In cities such as Bengaluru and Chennai, restaurant associations report that commercial LPG availability has dropped by as much as 75 per cent, forcing many establishments to rethink their kitchen operations.
Some restaurants have reduced menu offerings, while others are rapidly installing high-efficiency induction systems, creating hybrid kitchens where electricity now shares the workload with gas.
For smaller eateries and roadside dhabas, the shift is less about sustainability and more about survival.
A potential structural shift
The government has maintained that there is no nationwide LPG crisis and has directed refineries to increase production to stabilise supply.
Nevertheless, the developments of March 2026 may already be triggering a longer-term behavioural shift.
For decades, LPG has been the backbone of cooking in Indian households.

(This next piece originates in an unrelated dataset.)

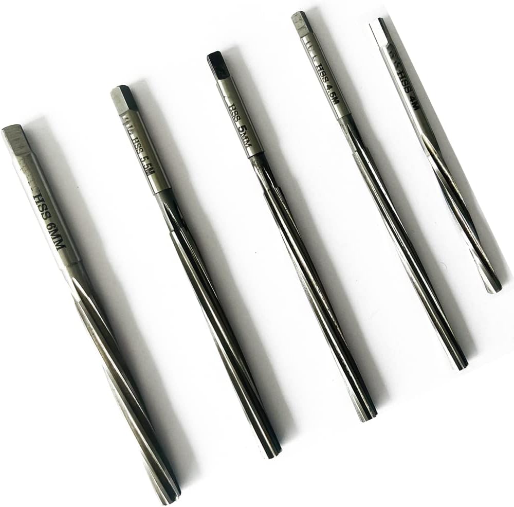 "1. HSS Valve guide reamers. 2. HSS Reamer Spiral Type. Squared Head - Fixed Reamers 3. This set includes 4mm - 4"" inches Long, 4.5mm - 4"" inches Long, 5mm - 4"" inches Long, 5.5mm - 4"" inches Long and 6mm - 5"" inches Long . 4. This set is made in India and we ship Express with valid tracking to USA and worldwide."
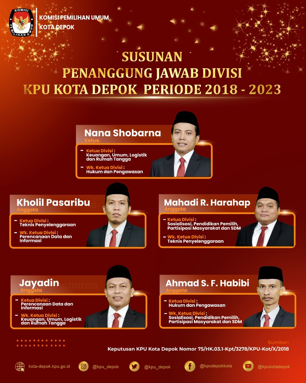 Susunan Penanggung Jawab Divisi KPU Depek 2018-2023 Rabu, 24 Januari 2018 07:00 516 Susunan Penanggung Jawab Divisi KPU Depek 2018-2023 Baca Selengkapnya

However, recent disruptions have highlighted the risks of relying on a single fuel source.
Increasingly, households appear to be hedging against uncertainty by adopting electric cooking options to guard against price volatility and delivery delays.
If the current trend continues, the induction cooktop, once viewed as a niche appliance, could emerge as a quiet symbol of India’s evolving kitchen economy.